Mr. Gene Sally, left, visits with Senator Dan Brown and Mayor Bill Jenks, III
I recall in my memory bank roll had only one police car and one traffic light at 8th and Pine Streets, three theaters – the Rollamo, The Uptown and The Ritz. Admission at one time was a dime and popcorn was a nickel.
  • John Wilson, a high school soda jerk at John and Lenore Morris Scott’s Drug Store who became Chief Economist for Bank of America in SanFrancisco.
  • Ben Thomas, Herman’s son and Tom’s Brother who was and is one of the most successful and talented lawyers in Arizona. He was captain of Missouri’s golf team.
  • Don Tankersley who had many country music songs in the top ten, sung by Charlie Pride, Johnny Cash, Johnny Paycheck and others.
  • Victor Mature at Malo’s Restaurant almost every night while making a war movie at Ft. Leonard Wood.
  • Mickey Mantle visiting Bow Wow dog food doing a promotional experience.
  • John Lenox, now deceased – a sensational basketball player at Warrensburg hired by Shelter Insurance for $2,900/year to being President of the company making several million. His favorite place as hunting acreage that he owned between here and Salem.
  • I visited with Robert Wadlow at Williams Shoe Store. He was 8 feet 11 inches tall, weighed 450 pounds, the world’s largest man.
  • I saw an entire block of business buildings burn to the ground at 6th and Pine with no loss of life.
  • I met President Harry S. Truman two times, ten years apart. I said Mr. President, Gene Sally, Rolla, Missouri. Both times he immediately responded, “Is the Edwin Long Hotel still there?” Then said, “How is my friend Judge Allison.” I said I would give him your regards.
  • I must mention my Uncle Ken Lanning, a member of the Missouri Golf Hall of Fame. Sports Illustrated did three pages on him and Golf Digest presented him with the number one award for contribution to Junior Golf. He gave over 1,000 sets of clubs to young players. He also won several hundred amateur championships.
  • Marvin Breuer, known as Floppy, was a Rolla boy who pitched in two World Series in his five years with the New York Yankees. Bill Dickey, the great Yankee catcher, told me he had the BEST curveball of any pitcher he ever caught.
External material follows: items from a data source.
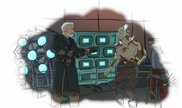 I am incredibly proud of this. Probably the best computer-completed color-and-ink job I've ever done. Penciled by hand, inked and colored in Photoshop 7, completed 2004 (just a couple of days ago, actually).
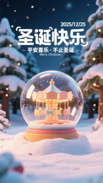 软3D粘土风圣诞场景,萌趣圣诞老人与驯鹿雪橇,搭配梦幻月夜与温馨小屋,营造可爱、喜庆、梦幻的节日氛围。
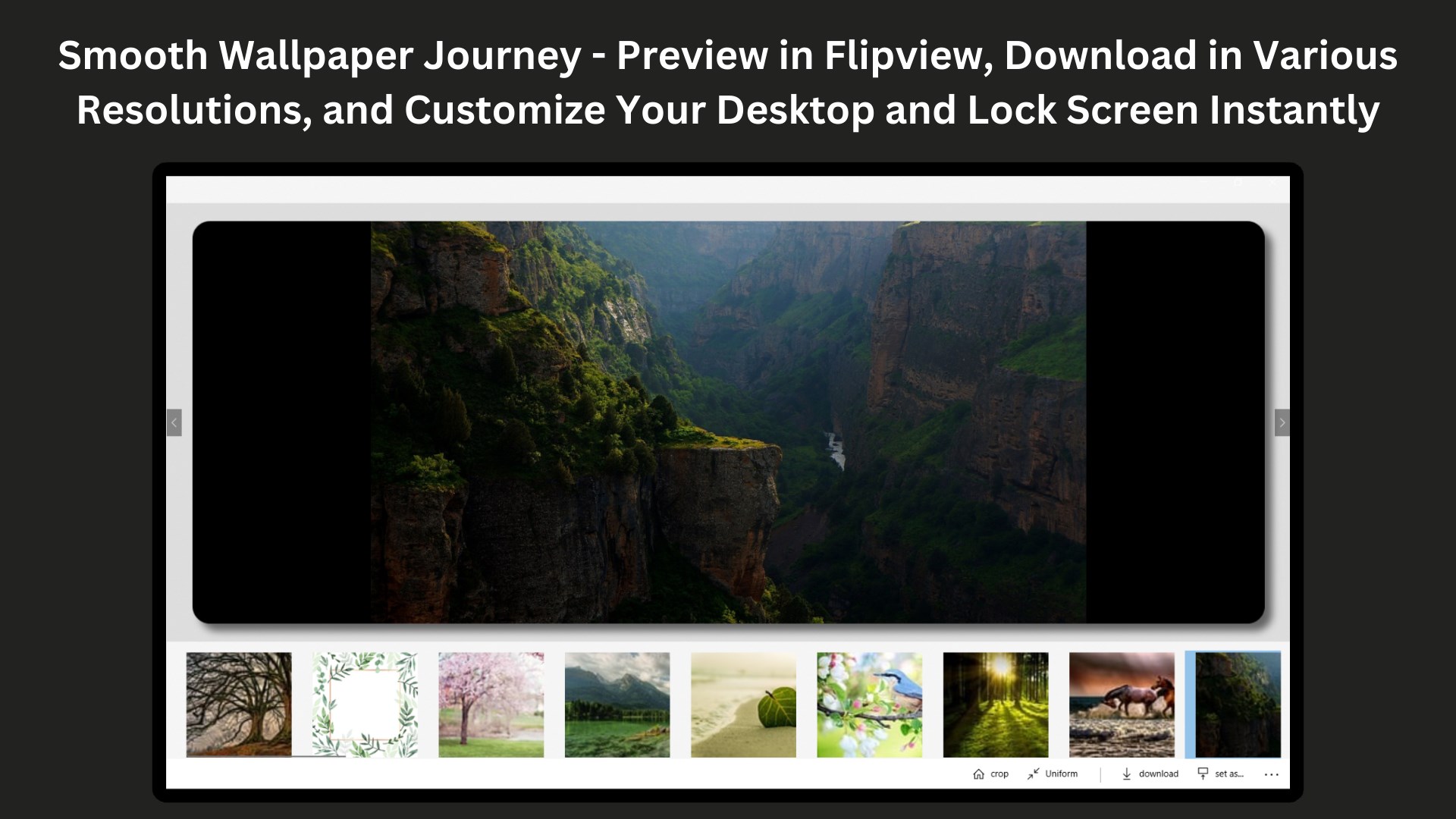 When you find an image or a video you like, click on it to preview. Experience the detail, vibrancy, and richness of 4K quality right on your screen. Flip through the wallpapers in a flip view to compare and choose your favorite one.
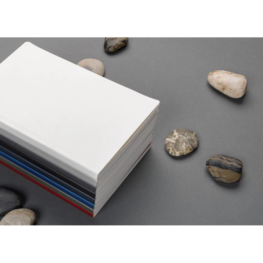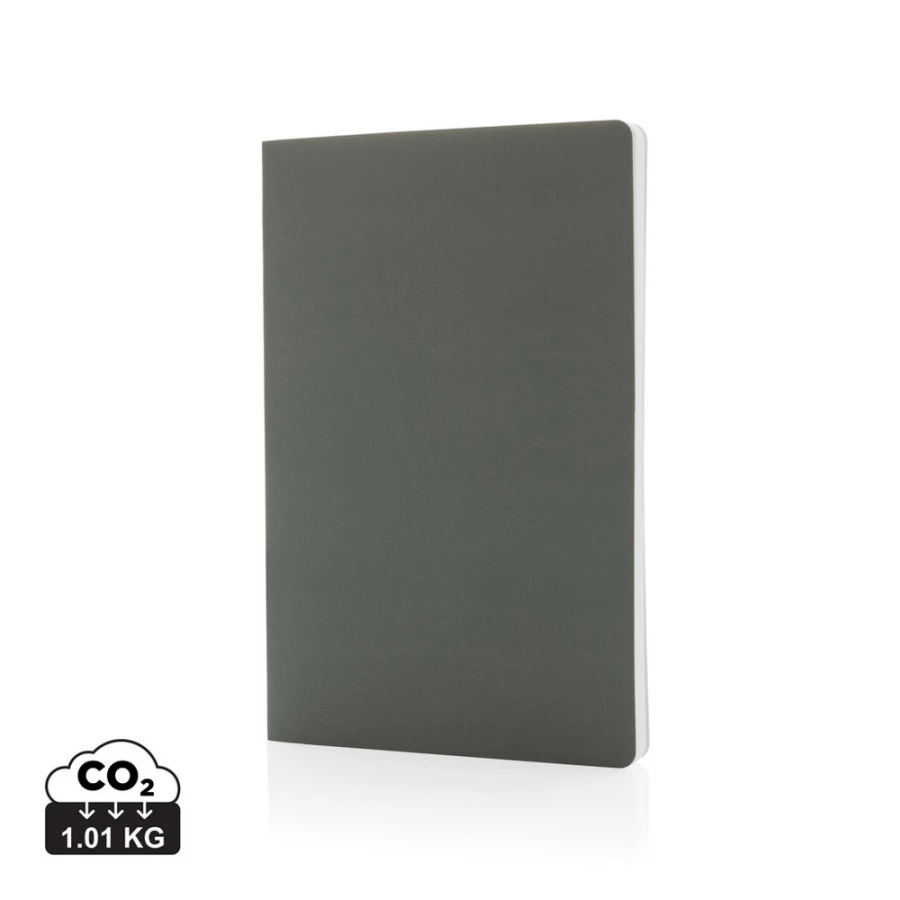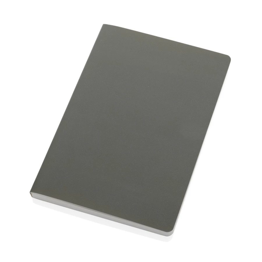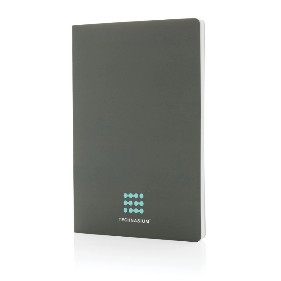 Notatnik A5 (60 białych kartek 58 g/m2 w linie), miękka okładka, notatnik wykonany z papieru kamiennego, który składa się w 80% z proszku mineralnego i 20% nietoksycznego HDPE (czysty plastik), 2% wpływów z każdego sprzedanego produktu z kolekcji Impact jest przekazywane na rzecz Water.org
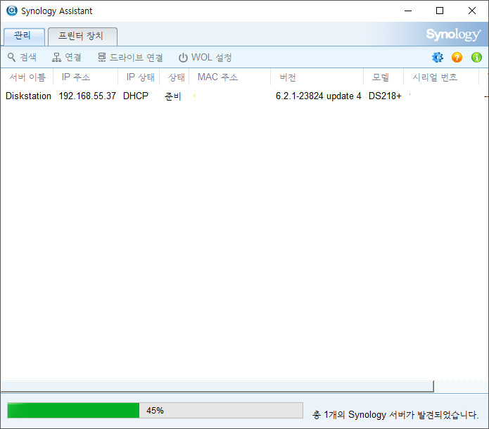 시놀로지 어시스턴트를 이용해 자기 NAS의 주소를 찾아낸다.
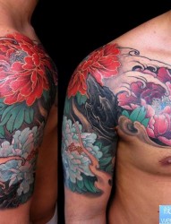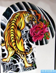 日本男生喜欢的日式老传统超酷半甲牡丹老虎纹身图片
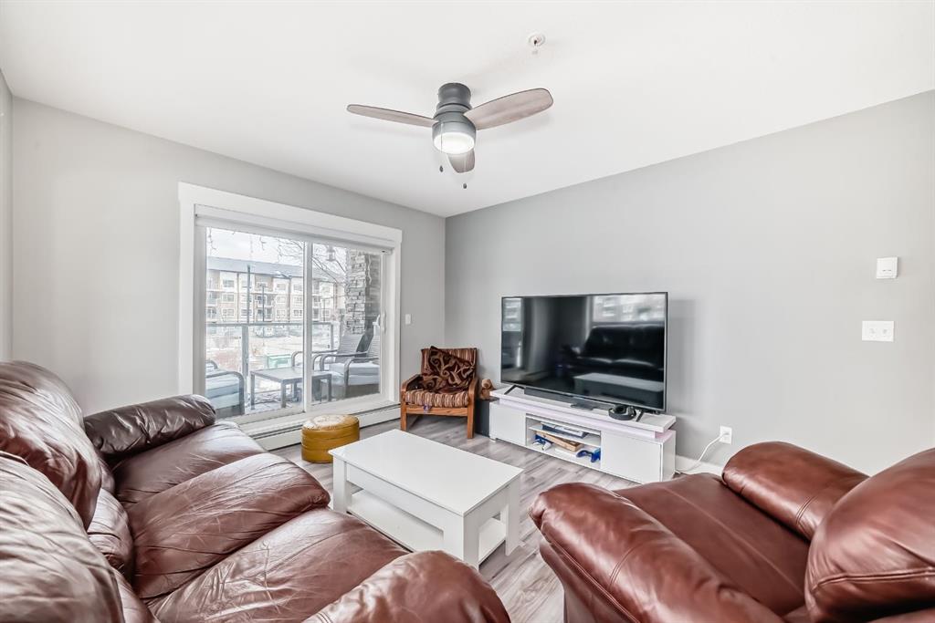 Welcome to this beautifully maintained and UPGRADED CORNER UNIT CONDO, located on the second floor offers over 943.5 sq ft of comfortable living space, featuring 2 spacious bedrooms, 2 full bathrooms, and the convenience of titled heated underground parking and secure caged storage locker. As you enter, you’ll be greeted by an open-concept design that includes a well-appointed kitchen, a dining area, and a versatile flex space perfect for an office. The kitchen is a chef’s dream, featuring a large counter with bar seating, granite countertops, stainless steel appliances. The owner has invested over $15k in upgrades including CUSTOM CABINETRY , HALL TREE ENTRYWAY BENCH ,COAT RACK with SHOE STORAGE, SMART LOCK for main DOOR , WATER PURIFIER ,SAMSUNG DISHWASHER, NEW LIGHT FIXTURES( Kitchen and dining) and BOTH WASHROOMS FIXTURES, New VINYL PLANK FLOORING (no carpet) has been installed throughout the unit, PATIO TILES, REMOTE CONTROLLED ZEBRA BLINDS for all windows and CEILINGS FANS in both bedrooms and Living room add extra convenience and comfort and beautiful Balcony to spend time with friends ,enjoying BBQ.Located in the vibrant Skyview Ranch community, this condo offers easy access to local amenities, parks, schools, shopping, and major roadways. Whether you’re a first-time homebuyer, a growing family, or someone looking for a modern, low-maintenance property,
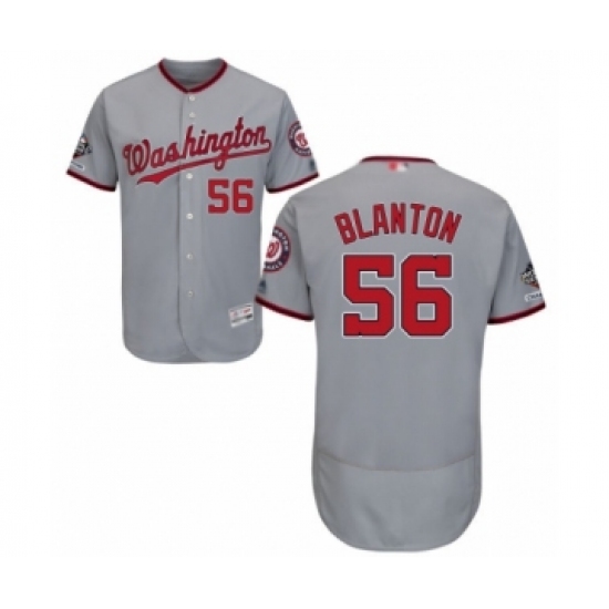 Men's Washington Nationals #56 Joe Blanton Grey Road Flex Base Authentic Collection 2019 World Series Champions Baseball Jersey
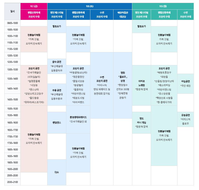 -11월 7일부터 9일까지 아미르공원(동삼동 국립해양박물관 옆), 봉래물양장 및 영도대교 일원에서 개최
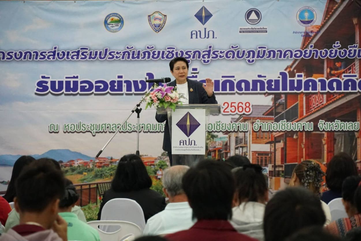 เมื่อวันที่ 17 กันยายน 2568 สำนักงานคณะกรรมการกำกับและส่งเสริมการประกอบธุรกิจประกันภัย (สำนักงาน คปภ.) นำโดย นางสาววสุมดี วสีนนท์ รองเลขาธิการ ด้านกำกับคนกลางและประกันภัยภูมิภาค เปิดตัว “การส่งเสริมประกันภัยเชิงรุกสู่ระดับภูมิภาคอย่างยั่งยืน ปี 2568” ณ หอประชุมศาลาประชาคม อำเภอเชียงคาน จังหวัดเลย โดยมีหน่วยงานภาครัฐ เอกชน องค์กรท้องถิ่น และภาคอุตสาหกรรมประกันภัย เข้าร่วมงานอย่างคับคั่ง ทั้งนี้ โครงการดังกล่าวมุ่งสร้าง Insurance Literacy ความรู้ความเข้าใจด้านการประกันภัยให้แก่ประชาชน ในพื้นที่เป้าหมาย พร้อมยกระดับระบบการประกันภัยให้เป็นเครื่องมือสำคัญในการบริหารความเสี่ยง ทั้งในมิติชีวิต ทรัพย์สิน และธุรกิจ โดยเฉพาะเมืองท่องเที่ยวที่มีเสน่ห์อย่างเชียงคาน เมืองบ้านไม้โบราณที่ดึงดูดนักท่องเที่ยวทั้งชาวไทยและชาวต่างชาติ

  • At one point in time I renewed my friendship with C.D. Ward, from Newburg, Mo He was then Vice-President Spiro Agnew’s domestic assistant. After attending a week-long National Governor’s Conference in Puerto Rico, I was invited to fly back to Washington, D.C. on Air Force One with 27 Governors. Shortly after takeoff I was asked if I wanted to make any telephone calls. I said “No thank you.” No one I knew would believe I was actually on Air Force One. 
  • In closing, I left Rolla in 1980. But, I made sure that Rolla never left me. My California license plate was ‘RollaMo’, my e-mail address was Even today with a home in Kansas City, my license plate is Rolla1. I have lost count of notes left on my windshield by someone associated with good memories of Rolla.
    I thank you for this illustrious occasion. It is really something for a boy from the wrong side of the railroad tracks, wearing hand-me-down clothes, selling newspapers at 9th and Pine and working summer jobs mowing yards and at Ed Wynn’s filling station.
    You have allowed me to catch the shiny brass ring on the merry-go-round of life.
    It’s been quite a ride.

    Thank you.
    Gene Sally,Rancho Mirage, Calif.